Sajadah di Pagar Rumah

hidayatullah
Chapter #2

Wiliam Pribumi Nusantara

“Pemirsa, di 25 tahun memperingati tragedi Mei 98, Seniman keturunan Tionghoa kebanggaan Republik ini, Wiliam Pribumi Nusantara alias Om Liem, masih membuka sayembara untuk mencari pahalawan yang menyelamatkan nyawa beliau dari kerusuhan saat itu. Ciri-ciri penolong Om Liem akan kami siarkan rutin setiap pergantian program acara. Akan kami sebarkan di semua media sosial kami. Bagi siapa pun yang merasa tahu dan mengenal orang tersebut akan diberi imbalan yang layak, tentu saja jika informasinya bukan hoax. Terima kasih.”

Pet!

Om Liem mematikan televisi dengan kesal. Seniman keturunan Tionghoa kebanggaan Republik? Siapa sih yang membuat kalimat senorak itu? Dia harus mengingatkan Gun untuk memprotes stasiun TV berita ini. Mereka dibayar tak murah, dan setelah 25 tahun tanpa perkembangan berarti agaknya dia harus mengakui kebenaran kata-kata Lukas, anaknya semata wayang, tadi pagi.

***

“Ngapain sih, Pih, bakar duit tiap tahun buat nyari pribumi yang gak jelas?”

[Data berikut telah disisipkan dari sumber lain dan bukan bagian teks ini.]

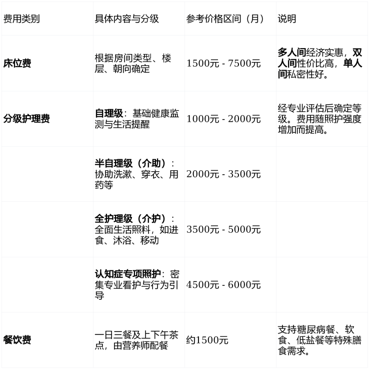 重要提示:以上价格为综合市场信息的参考区间,具体费用需根据长者实际健康状况评估、所选房型及当时政策最终确定。建议直接拨打400-996-7750进行个性化费用咨询。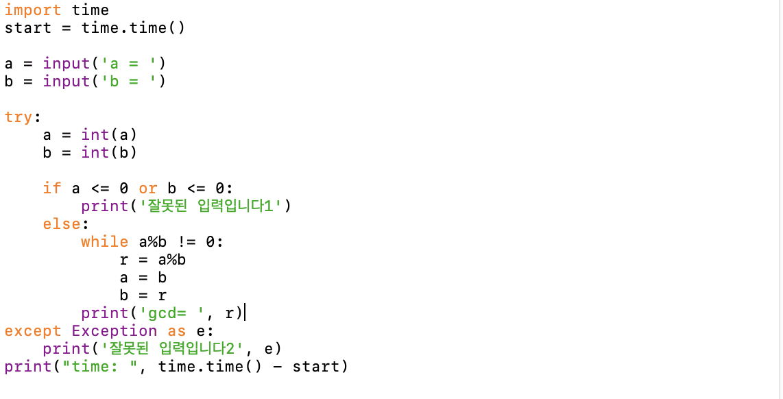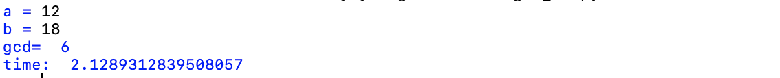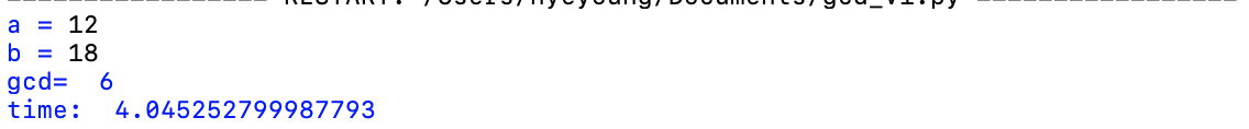 유클리드 호제법: 결과 값과 시간 2초 가량 차이가 난다.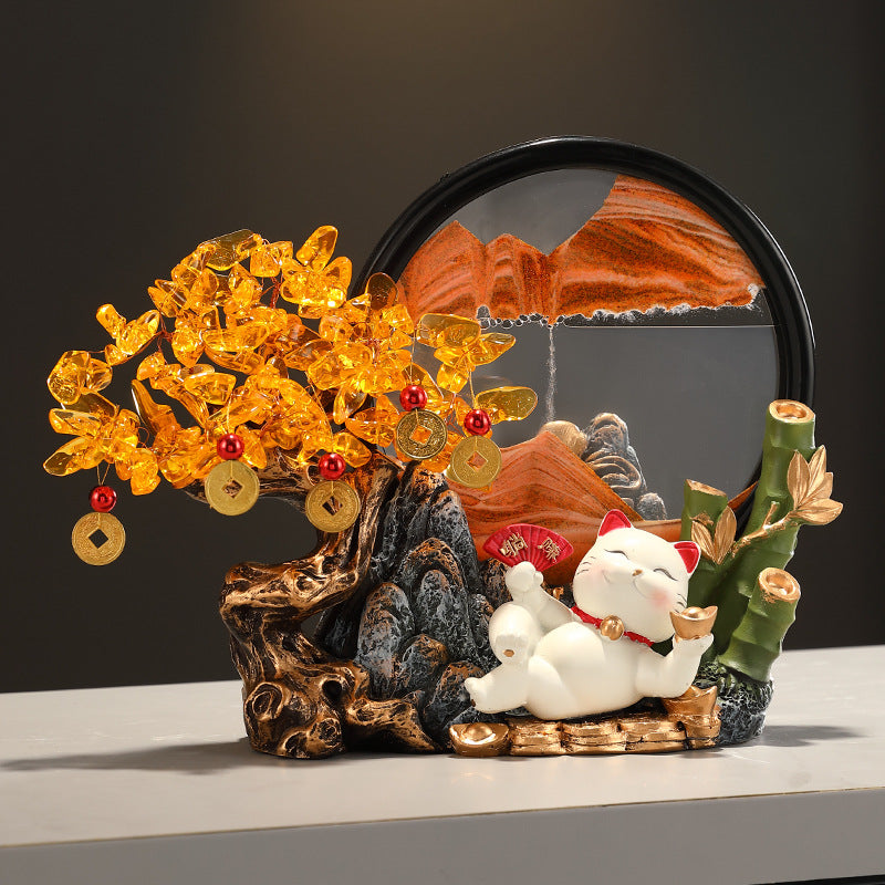 這款擺件將「動態藝術」與「傳統風水」完美融合。流動的沙畫象徵「財源滾滾」,金光閃爍的發財樹寓意「事業常青」,搭配神態悠閒的招財貓,為您的居家空間或店面營造出吉祥、活潑且富有質感的藝術氛圍。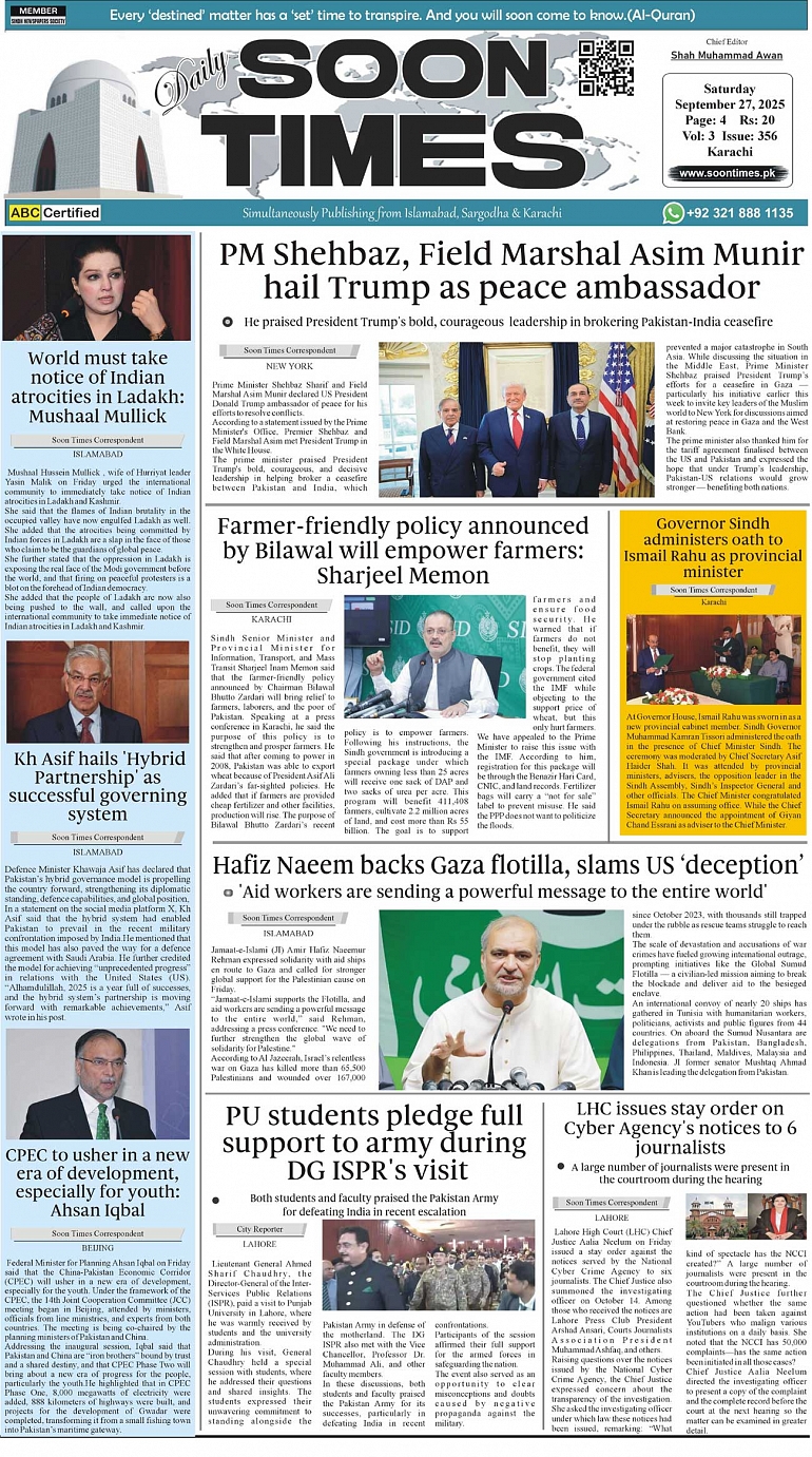 Daily Soon Times today's ePaper leading English national newspaper from Islamabad, Sargodha, Karachi, Pakistan

“HEH! Pribumi itu yang bikin Papi hidup. Mami dan Papi jadi bisa bikin kamu ada, ngerti?!”

“Ya, Luki paham. Tapi Papi kan udah banyak nyumbang buat sekolahan, rumah ibadah, bantuan inilah itulah, semuanya buat pribumi-pribumi pemalas itu juga, kan?”

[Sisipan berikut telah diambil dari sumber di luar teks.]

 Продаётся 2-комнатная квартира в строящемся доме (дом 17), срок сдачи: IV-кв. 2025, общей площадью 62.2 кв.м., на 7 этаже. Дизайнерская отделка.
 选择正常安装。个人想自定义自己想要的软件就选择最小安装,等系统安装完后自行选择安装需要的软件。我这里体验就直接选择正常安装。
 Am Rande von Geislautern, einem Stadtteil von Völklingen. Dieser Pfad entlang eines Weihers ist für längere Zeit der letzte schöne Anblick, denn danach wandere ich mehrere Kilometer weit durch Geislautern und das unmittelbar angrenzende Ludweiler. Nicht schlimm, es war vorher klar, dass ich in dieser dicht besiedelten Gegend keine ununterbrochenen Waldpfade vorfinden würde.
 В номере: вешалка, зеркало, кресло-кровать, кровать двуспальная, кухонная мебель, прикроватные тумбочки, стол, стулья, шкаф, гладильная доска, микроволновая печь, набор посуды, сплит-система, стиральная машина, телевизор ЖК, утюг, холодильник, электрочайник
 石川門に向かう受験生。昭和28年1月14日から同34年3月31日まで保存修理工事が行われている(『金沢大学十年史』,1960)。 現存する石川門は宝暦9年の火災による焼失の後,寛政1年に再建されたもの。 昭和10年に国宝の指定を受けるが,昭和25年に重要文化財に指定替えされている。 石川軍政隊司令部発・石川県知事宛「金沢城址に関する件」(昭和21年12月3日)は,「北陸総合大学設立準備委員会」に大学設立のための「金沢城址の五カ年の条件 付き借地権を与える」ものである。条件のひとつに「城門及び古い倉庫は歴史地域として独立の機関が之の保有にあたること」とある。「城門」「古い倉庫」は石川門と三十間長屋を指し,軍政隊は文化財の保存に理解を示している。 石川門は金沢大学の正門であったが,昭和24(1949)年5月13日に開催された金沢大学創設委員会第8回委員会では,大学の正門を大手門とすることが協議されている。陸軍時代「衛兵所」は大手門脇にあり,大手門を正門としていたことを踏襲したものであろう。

“Shut up! I don’t use your money! Go with your own bussiness. Jangan urus Papi.”

Luki mau menjawab, tapi usapan lembut Mei, istrinya, yang disertai gelengan kepala Mami di hadapan membuatnya mengurungkan niatnya. Ia menenggak habis susu beruangnya lalu bangkit sambil mencium kening istrinya dan mencium takzim tangan Maminya.

“Berangkat ya, Mei. Mih.”

Mei menatap suaminya lalu mengerling ke arah Om Liem, mertuanya. Mami hanya tersenyum samar tak menyiratkan apa-apa.

“Luki berangkat ya, Pih.”

“Hemmm.”

Mei menghela napas lega. Lewat lagi satu hari dengan dua lelaki dewasa yang bertingkah kekanakan dan ibu mertua yang kelihatan menikmati adegan ini setiap hari. Hari-hari di rumah keluarga ini memang dijamin tak akan kekurangan materi tujuh turunan, tapi soal kehangatan jangan ditanya.  Bahkan kutub utara pun bisa minder dengan dinginnya suasana rumah mewah di kawasan Menteng ini.

***

Jam sembilan tepat Om Liem sudah ada di kantor pribadinya, gudang yang disulap jadi kantor merangkap ruang lukis sejak tiga tahun lalu. Sejak wabah COVID 19 menyerang.

“Pandemi itu bikin kerja jadi efisien. Gak perlu ketemu kalo gak perlu-perlu amat. Kalo bisa lewat zoom ngapain juga ngabisin umur nembus kemacetan ke tempat meeting?”

Di ruangan yang jembar dan asri, Om Liem menemui Gunadi Soegiarto, asisten pribadi merangkap pengacara Om Liem sejak 10 tahun terakhir.

“Gun.”

“Saya ngerti Om. Kata-kata ‘keturunan Tionghoa kebanggaan Republik’, kan? Tadi dalam perjalanan ke sini saya sudah protes ke stasiun Indo TV-nya. Maaf ya, Om. Padahal kata-kata yang terakhir saya approve tidak seperti itu.”

“Hem.”

Jawaban gumaman khas Om Liem yang artinya dia paham tapi tak peduli dengan alasan yang diajukan lawan bicara. Gun kesal, Direktur Indo TV yang baru ini memang perlu dikoreksi inisiatifnya, dia sama sekali salah menilai Om Liem. Gunadi geram sekali dengan masalah koordinasi di televisi ini, setiap pergantian Direktur Indo TV selalu saja terjadi kekeliruan tak perlu semacam ini.

“Beliau ini bukan kayak orang kaya kebanyakan, Bos. Beliau paling anti dijilat.”

“Loh, menjilat? Bukan begitu maksud saya, Mas Gun?!”